Due rilievi iniziali. Anzitutto la battaglia che oggi si combatte in Italia è evidentemente anche politica. La Chiesa è accusata di essere una lobby politica. E dato il suo radicamento nel popolo cristiano – è una Chiesa di popolo – non può non guardare con preoccupazione una politica che, per dissidi interni ai partiti, non riesce a portare avanti le riforme che il popolo si aspetta. Riforme che non sono certamente quelle che le forze politiche ispirate al laicismo propongono con insistenza come se la legalizzazione dell’eutanasia e del suicidio assistito potessero risolvere i problemi davvero prioritari dell’occupazione giovanile, dell’immenso debito pubblico, della micro e macro criminalità, dell’arretratezza delle opere pubbliche, di una vera politica verso la famiglia..

Ma c’è un’altra e più dura battaglia che la Chiesa italiana deve affrontare, quella culturale. Si vogliono cioè imporre al nostro Paese idee, modi di pensare e di sentire, modelli culturali ispirati al soggettivismo individualista e al relativismo etico, secondo cui non esistono principi etici e norme morali oggettivamente validi. È evidente lo sconcerto di gran parte del mondo laico per questo nuovo protagonismo cattolico in un campo, quello culturale, che un certo laicismo ritiene essere di sua esclusiva competenza. Di qui le accuse rivolte alla Chiesa di perseguire interessi di parte, di non rispettare la libertà religiosa e le diverse sensibilità presenti in una società pluralistica, di identificare indebitamente l’Italia tout court con l’Italia cattolica. La Chiesa non può non intervenire, non può non parlare con chiarezza senza che qualcuno si senta offeso. Donde le accuse di cui traboccano i giornali contro l'invadenza della Chiesa, la sua interferenza nei problemi vitali della vita civile (cfr. La Civiltà Cattolica, 17 marzo 2007).

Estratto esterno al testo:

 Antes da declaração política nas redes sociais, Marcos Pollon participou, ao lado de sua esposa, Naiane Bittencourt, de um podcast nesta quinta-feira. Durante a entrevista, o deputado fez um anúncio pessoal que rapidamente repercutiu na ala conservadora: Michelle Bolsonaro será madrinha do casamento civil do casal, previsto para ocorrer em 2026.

Un discorso più ampio a documentato è stato fatto da Franco Garelli, docente di Sociologia della Religione nella Facoltà di Scienze politiche dell’Università di Torino nel suo saggio L’Italia cattolica nell’epoca del pluralismo, Il Mulino 2006.

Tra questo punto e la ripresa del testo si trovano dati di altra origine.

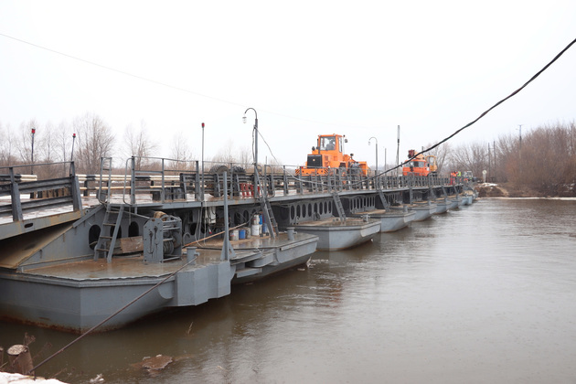 В конце поездки, мы наблюдали, как разводят понтонный мост через реку Клязьму. 24 марта были проведены работы по снятию аппарелей, движение автотранспорта по мосту было прекращено. Что касается переправы, то она перевозит людей с 7 часов утра в два приема - с 07.00-09.00 часов и с 17.00-19.00 часов. Перевозка – бесплатная.

Per il sociologo torinese il cattolicesimo continua ad essere il punto di riferimento per ampie quote del popolo italiano e la Chiesa torna alla ribalta della scena pubblica: il dinamismo delle istituzioni e dei gruppi cattolici sembra essere il fenomeno emergente oggi. Certo, crescono i musulmani, avanzano i cristiani ortodossi con l’arrivo di nuovi popoli slavi nell’Europa unita, ma questo non solo non indebolisce la presenza della Chiesa che ne fa scaturire nuove forze. A parte le statistiche, il consenso più ampio che la Chiesa italiana riscuote è la difesa dei valori etici in un tempo di relativismo morale, il ricupero del senso della vita, punto dolente della nostra cultura. È significativo il fatto che oggi non pochi uomini di cultura, senza essere credenti, vedano con simpatia le prese di posizione della Chiesa nei campi della famiglia, della bioetica, dell’eutanasia, dell’aborto. In un tempo in cui dominano dubbi e incertezze sui problemi essenziali della vita umana, nota Garelli “una parte della popolazione italiana può essere estranea a una vita di fede, ma può maturare un generale senso di appartenenza al cattolicesimo per il richiamo sui valori fondanti che esso è in grado di riattualizzare anche nella società dell’incertezza”. E ancora: “Rispetto al passato, la fede religiosa non è più considerata una debolezza psicologica, il segno di un limite umano o dell’incapacità di raggiungere una condizione di maturità”. Le grandi tesi dell’illuminismo stanno entrando nell’ombra.